:: Raw data

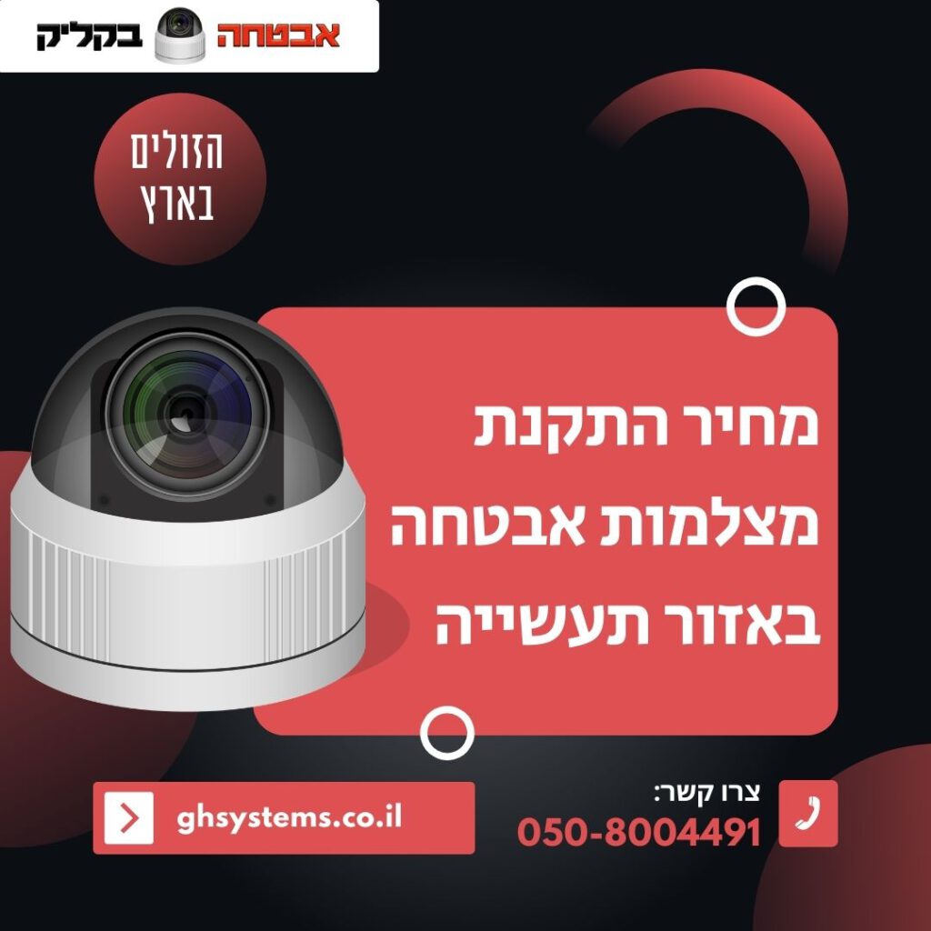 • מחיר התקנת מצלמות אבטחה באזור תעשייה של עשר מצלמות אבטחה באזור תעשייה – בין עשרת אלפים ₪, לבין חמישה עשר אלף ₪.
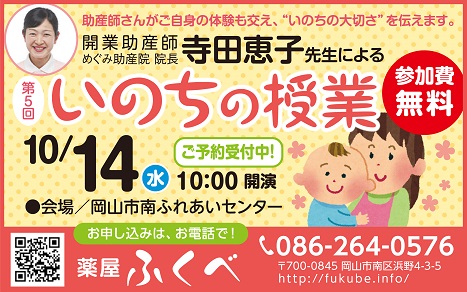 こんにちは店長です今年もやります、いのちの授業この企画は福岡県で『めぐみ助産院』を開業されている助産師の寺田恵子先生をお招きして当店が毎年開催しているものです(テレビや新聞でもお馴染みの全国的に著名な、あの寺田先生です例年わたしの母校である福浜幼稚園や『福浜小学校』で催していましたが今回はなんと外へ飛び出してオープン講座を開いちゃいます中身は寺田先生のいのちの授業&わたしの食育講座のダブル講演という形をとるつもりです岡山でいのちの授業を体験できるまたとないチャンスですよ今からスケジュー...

::::
:: Raw data

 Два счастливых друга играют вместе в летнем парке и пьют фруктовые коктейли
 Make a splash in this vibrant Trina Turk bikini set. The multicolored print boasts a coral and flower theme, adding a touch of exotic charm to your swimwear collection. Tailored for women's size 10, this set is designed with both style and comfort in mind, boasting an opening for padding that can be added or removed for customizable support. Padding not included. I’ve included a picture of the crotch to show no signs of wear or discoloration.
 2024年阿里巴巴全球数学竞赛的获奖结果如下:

::::

• **What needs to be done**: Start at the line containing "חמישה עשר אלף ₪." above and stop at the line containing "こんにちは店長です今年もやり". Output those lines exactly, both included, but none of the pictures.

• **Solution**:
 • מחיר התקנת מצלמות אבטחה באזור תעשייה של עשר מצלמות אבטחה באזור תעשייה – בין עשרת אלפים ₪, לבין חמישה עשר אלף ₪.
 こんにちは店長です今年もやります、いのちの授業この企画は福岡県で『めぐみ助産院』を開業されている助産師の寺田恵子先生をお招きして当店が毎年開催しているものです(テレビや新聞でもお馴染みの全国的に著名な、あの寺田先生です例年わたしの母校である福浜幼稚園や『福浜小学校』で催していましたが今回はなんと外へ飛び出してオープン講座を開いちゃいます中身は寺田先生のいのちの授業&わたしの食育講座のダブル講演という形をとるつもりです岡山でいのちの授業を体験できるまたとないチャンスですよ今からスケジュー...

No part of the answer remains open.